Pour le patchouli, compte tenu des distances et moyens de communications un peu complexes sur place, nous avons mis en place un outil de suivi et de reporting , l’i-source, créé par Givaudan sur ipad. Nous y avons recensé les 800 producteurs de patchouli en Indonésie (fermiers, et/ou distillateurs** et/ou collecteurs), qui ont chacun un téléphone portable pour être en contact avec l’un de nos quatre acheteurs-brousse (tous experts dans cette matière première).
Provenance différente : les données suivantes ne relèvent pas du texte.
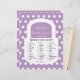 Pegue suas bolsas e o vamos jogue o chá de panela da bolsa! Essa torção fofa ao jogo tradicional coloca um dentro de bolsa no design com todos os detalhes do jogo dentro na bolsa. A bolsa branca apresenta as palavras "O que tem na bolsa?" Chás de panela respondem à pergunta o que está em sua bolsa colocando uma marca de seleção pelos itens que eles realmente têm na bolsa. A bolsa fica sobre um fundo lilás ou roxo que faz um belo pano de fundo para este jogo de bolsa. Além disso, você pode personalizar o design com o nome da noiva e a data do chá. Um jogo de chá de panela de bolsa de excelente para o seu chá de panela. Direitos autorais

Cela nous permet d’avoir en direct, en temps réel, l’état des achats, et l’acceptation par le contrôle qualité locale des lots de matières premières apportés sur place.

Comment formez vous les personnes engagées dans ces programmes ?
Cela fait effectivement parti de notre responsabilité que de former le personnel sur place, et nous le faisons, pour ce qui concerne le patchouli par exemple, via une distillerie pilote qui permet aux producteurs de venir, de découvrir les process, de les aider à les mettre en place, pour de meilleurs rendements et une qualité optimisée. Le meilleur patchouli du monde, s’il est distillé dans de mauvaises conditions, ne pourra pas être utilisé. Nous avons à Bornéo une exploitation de 100 hectares de patchouli, véritable laboratoire à ciel ouvert où nous pouvons tester tous ces process, et vérifier les qualités obtenues en jouant sur le séchage et la distillation.

Quel conseil donneriez vous à un étudiant qui souhaite faire votre métier ?
De se donner les moyens pour arriver à faire ce métier qui est tout simplement formidable ! Et donc d’avoir une solide formation technique, comme ingénieur agro ou chimiste, et de faire un 3ème cycle Achat.

Tout sur le patchouli, la plante, son sourcing, son utilisation en parfumerie

www.givaudan.com/patchouli
*Givaudan est le leader mondial des arômes et des parfums, et participe à la création de produits alimentaires, boissons, produits d’entretien, d’hygiène et de parfumerie.

** Un distillateur possède un alambic dans lequel il effectue une opération sur la matière brute, placée sur un plateau perforée au dessus d’une eau portée à ébullition. La vapeur d’eau qui passe à travers ces feuilles ou fleurs s’imprègne des particules odorantes. Après refroidissement et condensation, l’eau se sépare de cette huile essentielle gorgée de principes olfactifs, qui est alors recueillie pour être utilisée en parfumerie.